Diagram of a Big Data Discovery Cluster

This diagram illustrates a cluster of Big Data Discovery nodes deployed on top of an existing Hadoop cluster.

Oracle Big Data Discovery cluster deployed on a cluster of Hadoop nodes.

Note that this is just one supported deployment scenario; many other configurations are possible. For information on staging and learning, demo and production-level deployment topology, see the Installation Guide.

The diagram depicts the following BDD cluster components (starting from the top):

An optional external load balancer serves as the single point of entry to the Big Data Discovery cluster. All browser requests are routed through this load balancer to Studio nodes.
Note: Although it is recommended to use an external load balancer in your deployment, it is optional. For information, see Load balancing and routing requests.
WebLogic Server nodes, which host Studio and the Dgraph Gateway. Note that one node functions as both the Admin Server and a Managed Server.
Data Processing nodes, which run data processing jobs. Data Processing is automatically installed on Hadoop nodes running Spark on YARN, YARN, and HDFS. These nodes represent a subset of the Hadoop cluster BDD is installed on.
Dgraph nodes, which host the Dgraph. These are the main computational modules in BDD, providing search, refinement computation, Guided Navigation, and other features used in Studio.
The specific nodes the Dgraph is installed on depend on where your Dgraph databases are located. If they're in HDFS, the Dgraph is installed on HDFS DataNodes. If the indexes are on a shared NFS, the Dgraph can be installed on standalone (non-HDFS) nodes.

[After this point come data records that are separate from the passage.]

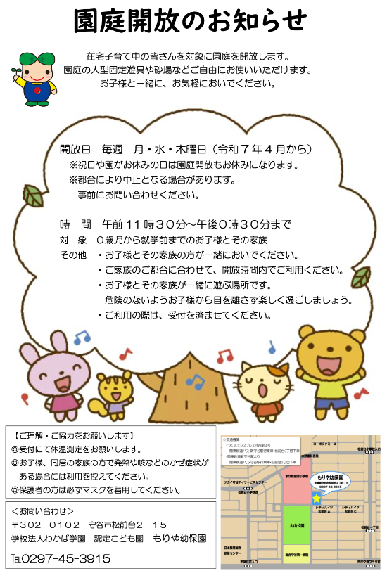 もりや幼保園は茨城県守谷市松前台にある、子ども達の笑顔が溢れる幼保園です。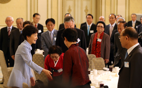 | ▲ 박근혜 대통령이 지난 9월 27일 청와대 영빈관에서 열린 노인의 날 기념 전국 어르신 초청 오찬 행사에 입장한 뒤 참석자들에게 자리를 권하고 있다. ⓒ연합뉴스 |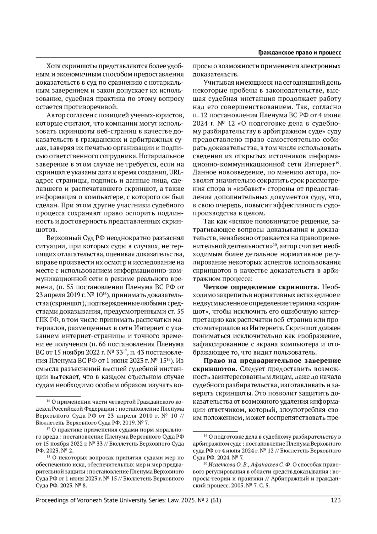 5. Гаврилов Е. В. О доказательственной силе скриншотов в цивилистическом процессе. Комментарий к определению судебной коллегии по гражданским делам ВС РФ от 7 февраля 2023 г.№ 5-ГК22-144-К2 // Вестник экономического правосудия Российской Федерации. 2024. № 8.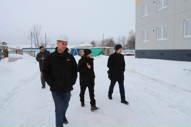 Вместе с вице-премьером республики по инфраструктуре Виктором Россыпновым председатель Законодательного Собрания проверили ход строительства дома для переселения из аварийного жилья в Беломорске.

In the diagram, notice that there is a leader Dgraph node for a data set A, and a set of follower Dgraph nodes for this same data set.

At the same time, the directory holding Dgraph databases may include databases for other data sets. For each of these data sets, at different points in time, a leader Dgraph and follower Dgraph instances may be elected. The other data sets are shown in the diagram, but their leader and follower Dgraph nodes are not shown, for simplicity.

A single Dgraph instance can serve as the leader node for one Dgraph database and a follower for others. Note that there can never be two leader Dgraphs for a single Dgraph database.

ZooKeeper maintains a cluster state for all participating members of the BDD cluster; in particular, it ensures automatic Dgraph leader election for each of the Dgraph databases, in case a leader Dgraph instance fails. Optimally, three Hadoop nodes are required for hosting ZooKeeper instances.
Additional Hadoop nodes, which are also not shown in the diagram. These run other Hadoop components required by BDD, such as Cloudera Manager/Ambari and ZooKeeper.